Via Wired phone message:  Investigators say they still don’t know why Sean Urbanski, a 22-year-old University of Maryland student, walked up to 23-year-old Richard Collins III, a US Army lieutenant just days shy of college graduation, and fatally stabbed him at a campus bus stop this weekend. What they do say they know is that Collins, who was visiting a friend at UMD and did not appear to know Urbanski, was black, and that Urbanski belonged to a Facebook group called Alt-Reich: Nation, a haven of white supremacist content.

“Suffice to say that it’s despicable,” UMD police chief David Mitchell said, at a press conference, of the now deleted Alt-Reich: Nation group. “It shows extreme bias against women, Latinos, members of the Jewish faith, and especially African Americans.”

In addition to the local police department’s ongoing homicide investigation, the FBI is looking into whether Collins’ murder also amounts to a hate crime. The judges and jury of the internet have quickly reached a guilty verdict, but law enforcement is less sure. “We need something probably more than just a Facebook posting,” said Angela Alsobrooks, prosecutor for Prince George’s County, Maryland, during a press conference Monday.

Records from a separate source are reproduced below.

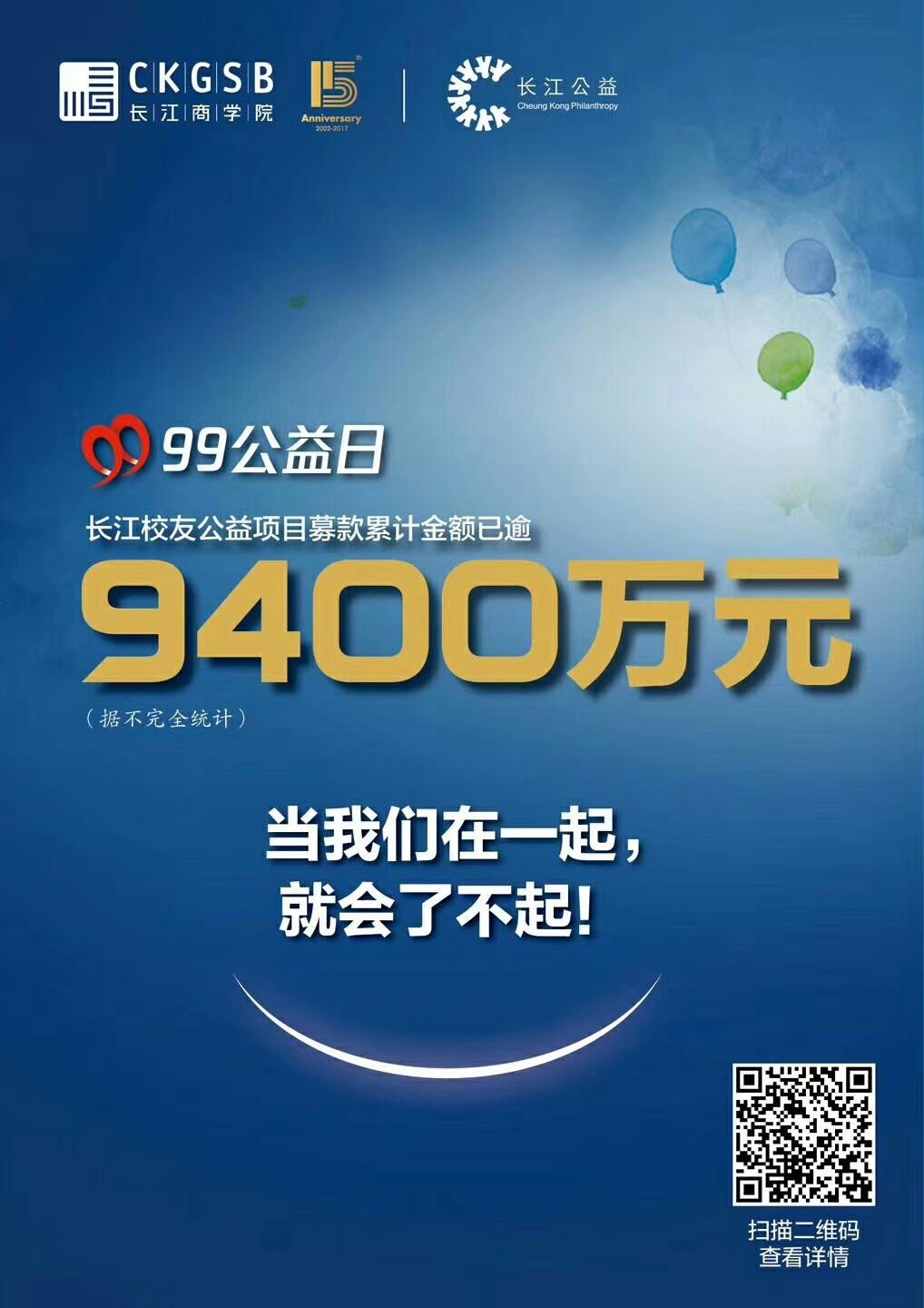 据统计,2017年“99公益日”3天筹款总额为13亿,长江校友公益项目总额为9400万,创历史新高!在长江校友们广泛社会影响力和号召力下,千万指尖共递爱心,“无公益 · 不长江”让互联网+与公益创新绽放更多光芒,照亮社会的每一个角落。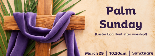Join us at 10:30am in the Sanctuary for a unique Palm Sunday worship experience. After worship, children and families are welcome to join us for an Easter Egg Hunt! Lunch will be provided in the Coffee Shop before the hunt. We'd be honored to have you as our guest.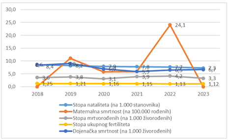 Demografska slika stanovništva u FBiH je sve nepovoljnija. U periodu 2018-2023. godina bilježi se konstantan pad broja živorođene djece. U istom periodu stopa mrtvorođenih na hiljadu živorođene djece je promjenljiva, s tim da je u 2023. godini manja u odnosu na prethodnu godinu za 0,9 p.p. Stopa ukupnog fertiliteta konstantno opada. Da bi se obezbijedila stopa proste reprodukcije stanovništva, stopa ukupnog fertiliteta treba biti na nivou 2,1 dijete po ženi. Stopa maternalne smrtnosti u FBiH je veoma niska, kao i u većini evropskih zemalja. Prema podacima FZS, u 2023. nije bilo smrtnih slučajeva žena u periodu trudnoće, porođaja i purperijuma.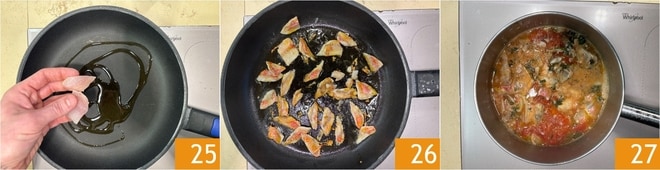 Erhitzen Sie in der Zwischenzeit einen Schuss Öl in einer Pfanne und legen Sie die Rotbarben mit der Hautseite nach unten hinein 25. Wenn die Haut gut gebräunt ist, drehen Sie sie um und schließen Sie das Kochen ab 26. Zu diesem Zeitpunkt ist der Guazzetto fertig 27.

Digital breadcrumbs have become key pieces of evidence for investigators in the age of social media, but they’ve also put a unique strain on the legal system, forcing courts to grapple with new questions about the relative significance of a Facebook post, a “Like,” a follow, a tweet. It’s natural for the public to want to level the harshest punishment on a person who could kill a stranger in cold blood, particularly when that killer lurked in the internet’s darkest corners and may have been motivated by racial hatred. But in Urbanski’s case, investigators, and eventually the courts, will have to carefully decide how much weight they can really put on a person’s online allegiances and whether mere membership in such a hateful online group constitutes evidence of intent to commit a hate crime.

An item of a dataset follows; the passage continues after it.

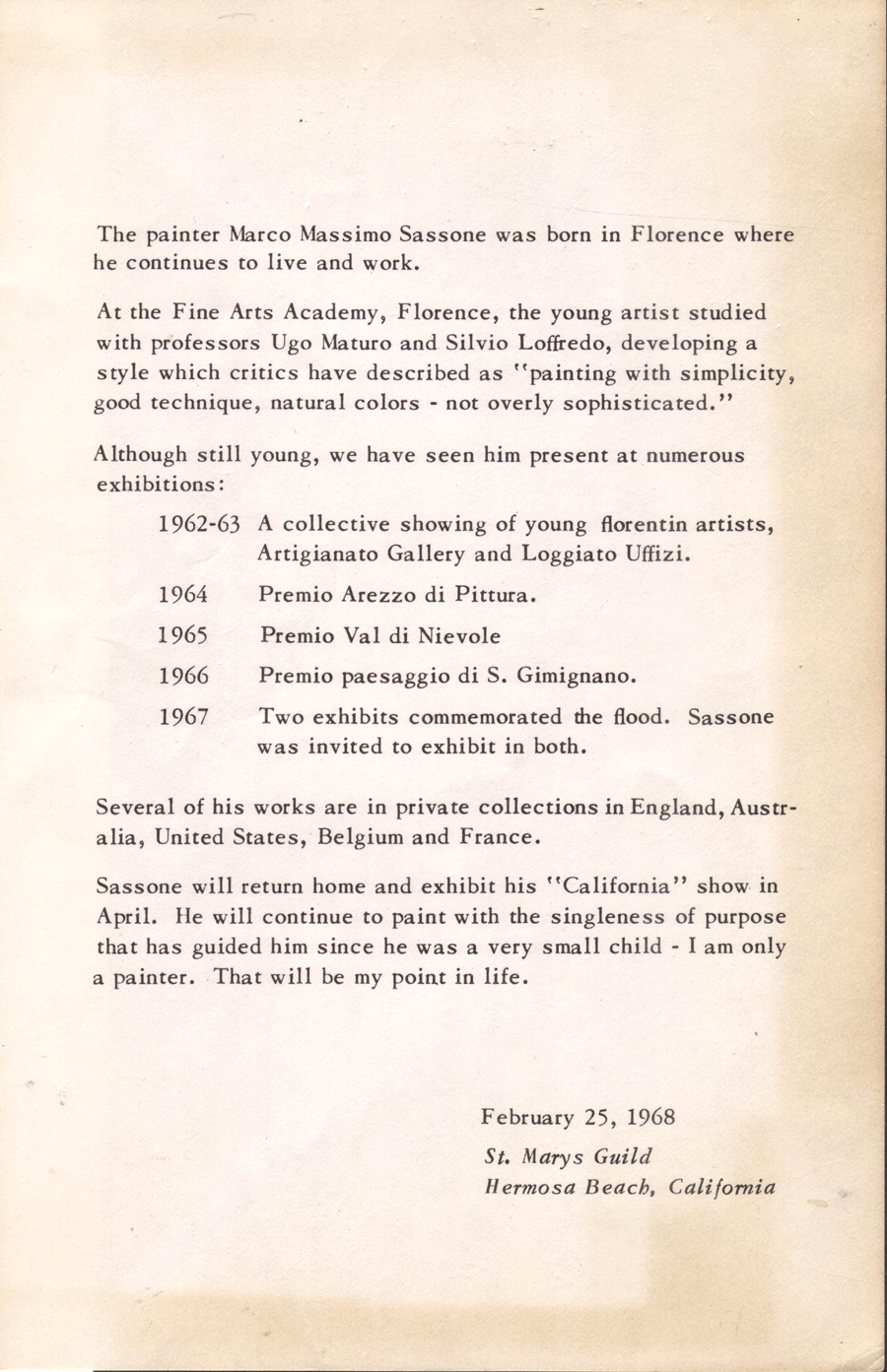 **   Marco Sassone, b. 1942, moved from Florence, Italy to Southern California in 1967, after the disastrous 11-04-1966 flood from the overflowing Arno River (more about the flood). He presented his paintings at several 1962-1967 Italian exhibitions, but I have not yet seen any printed source that pictures any named painting which he published before 1967.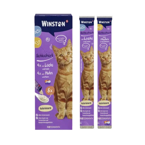 تشویقی مدادی گربه وینستون Winston با طعم مرغ و جگر و علف گربه ورق 10 عددی

“These are not questions the law has had to answer before,” says Neil Richards, a professor of First Amendment and privacy law at Washington University School of Law. “We don’t want to permit a system in which merely reading something or associating with other people can be used as strong evidence that you hold the views of the people you hang out with or the things you read.”

(Link to more)

3 comments:

edutcher said...

Suffice it to say this crime will get the chair. Even in Lefty MD.

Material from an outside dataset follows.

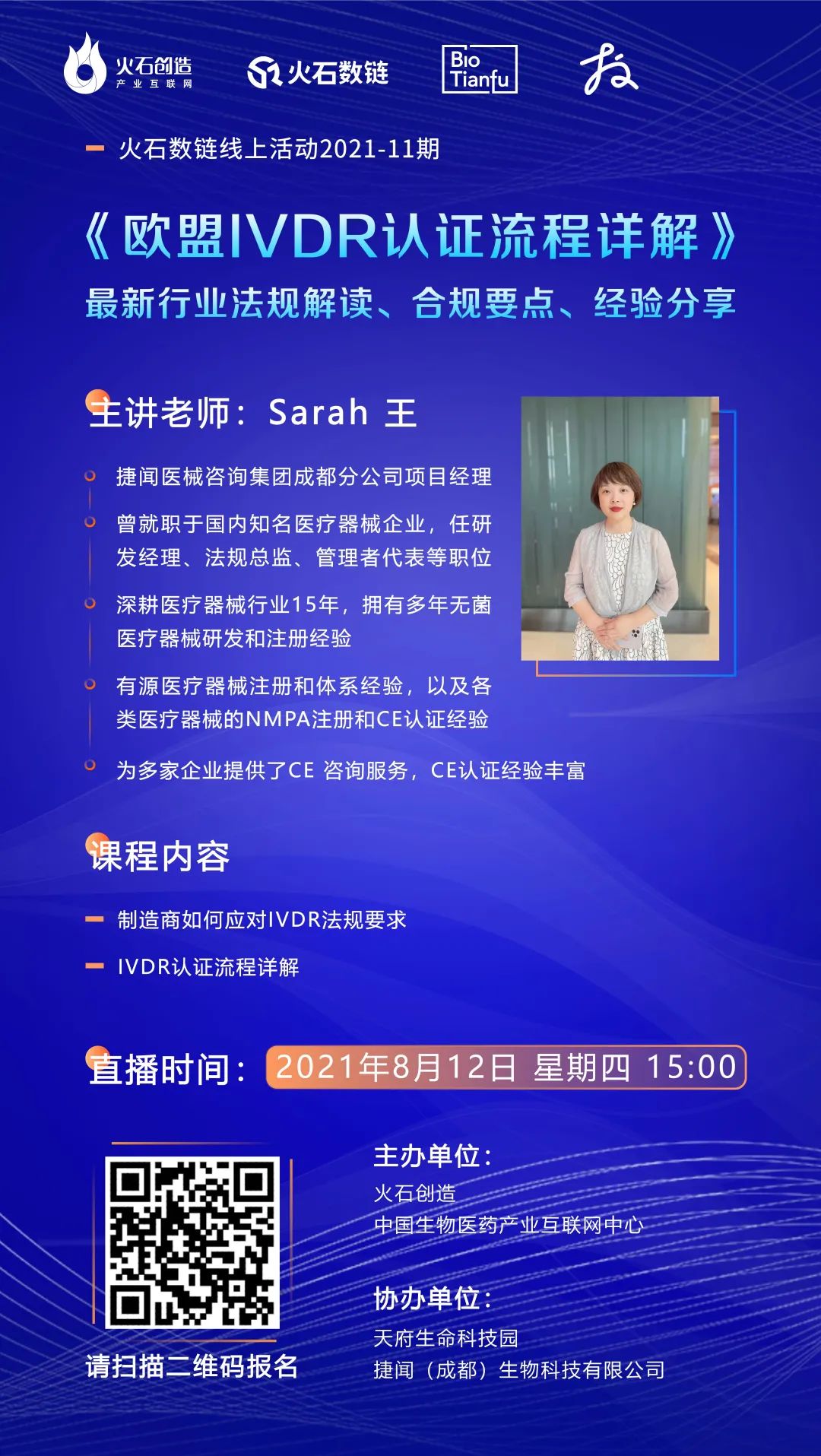 欧盟医疗器械新法规IVDR(EU 2017/746)将于2022年5月26日强制执行,新法规变化较大,如分类变化;也增加了很多全新的要求,如:唯一器械标识(UDI)的要求、CE认证相关方(制造商、欧盟授权代表、经销商等)在欧盟注册的要求(SRN)、上市后市场监督的要求(PMS)等。鉴于这些要求很严格,难度也很大,我们平台邀请资深CE法规专家详细解析IVDR法规要求下的认证流程,旨在帮助厂商实现顺利合规。
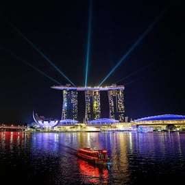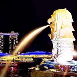Às 18h30, embarca num cruzeiro panorâmico pelo rio Singapura. Aprecia o horizonte cintilante da cidade enquanto passa por marcos como o Marina Bay Sands, o Merlion Park e a Esplanade. O rio oferece o ponto de vista perfeito para apreciar as maravilhas arquitetónicas da cidade. Este espetáculo deslumbrante de fontes dançantes, projeções de luz e música é imperdível, oferecendo uma visão única da modernidade de Singapura.

One wonders, if Collins killed Urbanski, would the same happen.

Jim in St Louis said...

Still have not found anyplace on the internet that can define a hate crime.
Murder is murder, why would the membership of the victim in a protected class make a difference? Why would the motive or intent of the perp make a difference? (except maybe in the sentencing phase)

Methadras said...

Freedom of association is not a criminal offense. As much as I loathe the outcome, who you associate with does not make you kill people. That's an individual choice you make.